I agree with Hutcheon that adaptations need to be readable as a version, an acknowledged take on or taking of something we perceive as same yet different.  Adaptations are not copies, and, as spurious as they may sometimes strike us, they are not fakes, either.

Hutcheon distinguishes between parody and adaptation, claiming that the former does not need to be acknowledged.  If unacknowledged, parodies – or any other form of adaptation – cannot operate qua adaptation.  They are like irony in that respect.  You just can’t be ironic all by yourself.  Any dance of the index fingers needs an audience.

As I see it, adaptations, be they parodies or pastiche, anarchic or reverent, have to exist as concrete products – rather than ideas or themes – that are distinct from yet related to other products with which they engage or from which they openly borrow in more or less creative acts of transformation.

Am I an adaptation?

Hutcheon, who does not insist on a change in medium as a criterion for adaptation, cites a source that identifies as a “new entertainment norm” the “process where integral elements of a fiction get dispersed systematically across multiple delivery channels for the purpose of creating a unified and coordinated entertainment experience.”  The resulting products are not meant to exist independently but serve as a deliberate fragmentation for the sake of maximizing market potential and profits by increasing the potential audience.  Is this still adaptation? Perhaps, if the audience rejects to buy the lot.

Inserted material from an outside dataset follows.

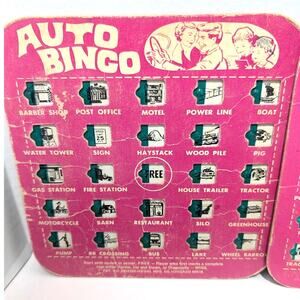 Get ready for a fun road trip with this lot of 7 vintage travel cardboard auto bingo cards by Regal Games! These classic bingo cards feature a colorful design in pink, blue, and green. They are in great vintage condition and ready for your next adventure. Perfect for family trips, car rides, or collectors of vintage games. Grab this set and add a touch of nostalgia to your travels!

Buying the lot is something I rarely do.  I pick and choose, take apart and transform according to my own desires and limitations.  And pick apart I must when I read Hutcheon’s comments on radio drama as a form of “showing” like “all performance media,” at which point her study recommends itself for recycling as pulp.  Anyone who appreciates the hybridity of radio plays would balk at such simplifications.

Trying to make a case for elevating their cultural status, Hutcheon asks: “If adaptations are … such inferior and secondary creations why then are they so omnipresent in our culture and, indeed increasing steadily in number?” Well, junk food is “omnipresent” – and so are feebly argued studies – which does not make either any less “inferior.”  Besides, the question is not whether adaptations are good, bad or indifferent.  The question is: what are and what ain’t they?